Work required:
What you should give back is a precise copy of the lines below from the one containing "1. Cozy Gravel" through the one containing "Mit einem von", with no pictures.

Information supplied:
BEGIN
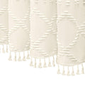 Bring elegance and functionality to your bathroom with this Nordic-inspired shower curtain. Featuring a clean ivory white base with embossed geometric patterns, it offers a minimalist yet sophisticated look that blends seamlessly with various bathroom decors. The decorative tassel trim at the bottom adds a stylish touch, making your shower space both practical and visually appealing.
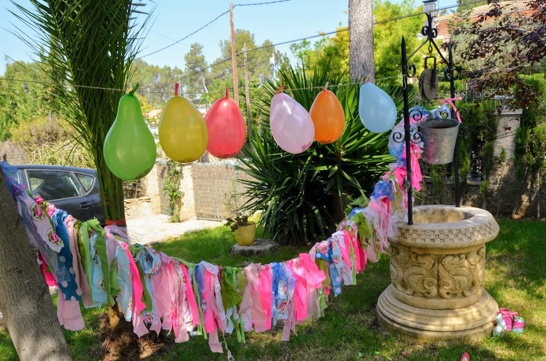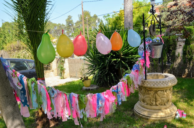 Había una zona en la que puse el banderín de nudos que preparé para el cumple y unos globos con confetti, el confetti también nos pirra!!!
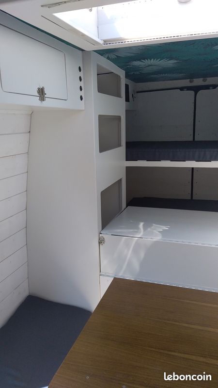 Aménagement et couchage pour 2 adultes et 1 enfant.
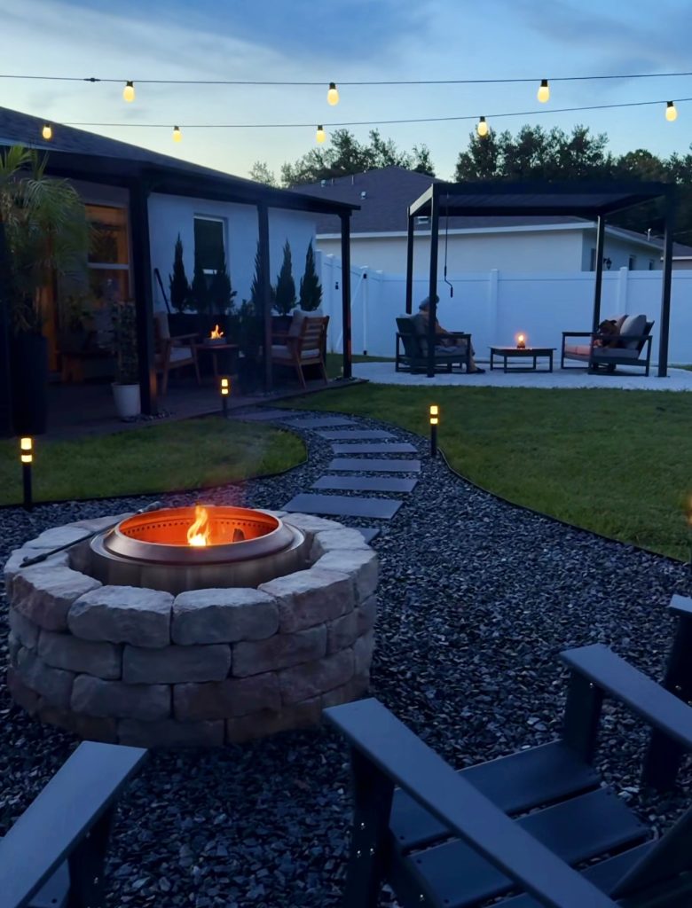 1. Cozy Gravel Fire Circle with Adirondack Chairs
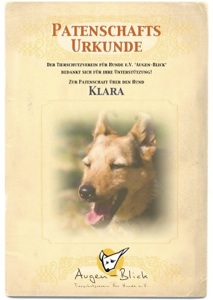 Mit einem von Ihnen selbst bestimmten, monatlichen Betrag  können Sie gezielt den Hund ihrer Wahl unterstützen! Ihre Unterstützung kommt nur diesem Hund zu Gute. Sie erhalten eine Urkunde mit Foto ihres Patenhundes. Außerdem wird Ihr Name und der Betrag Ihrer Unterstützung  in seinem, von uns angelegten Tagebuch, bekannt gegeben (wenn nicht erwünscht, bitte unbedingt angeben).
END
BEGIN
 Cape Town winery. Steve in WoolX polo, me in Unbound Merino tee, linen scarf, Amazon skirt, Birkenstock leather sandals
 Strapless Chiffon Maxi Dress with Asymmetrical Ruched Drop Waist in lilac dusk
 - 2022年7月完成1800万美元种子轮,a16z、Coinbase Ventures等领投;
END
The answer:
 1. Cozy Gravel Fire Circle with Adirondack Chairs
 Mit einem von Ihnen selbst bestimmten, monatlichen Betrag  können Sie gezielt den Hund ihrer Wahl unterstützen! Ihre Unterstützung kommt nur diesem Hund zu Gute. Sie erhalten eine Urkunde mit Foto ihres Patenhundes. Außerdem wird Ihr Name und der Betrag Ihrer Unterstützung  in seinem, von uns angelegten Tagebuch, bekannt gegeben (wenn nicht erwünscht, bitte unbedingt angeben).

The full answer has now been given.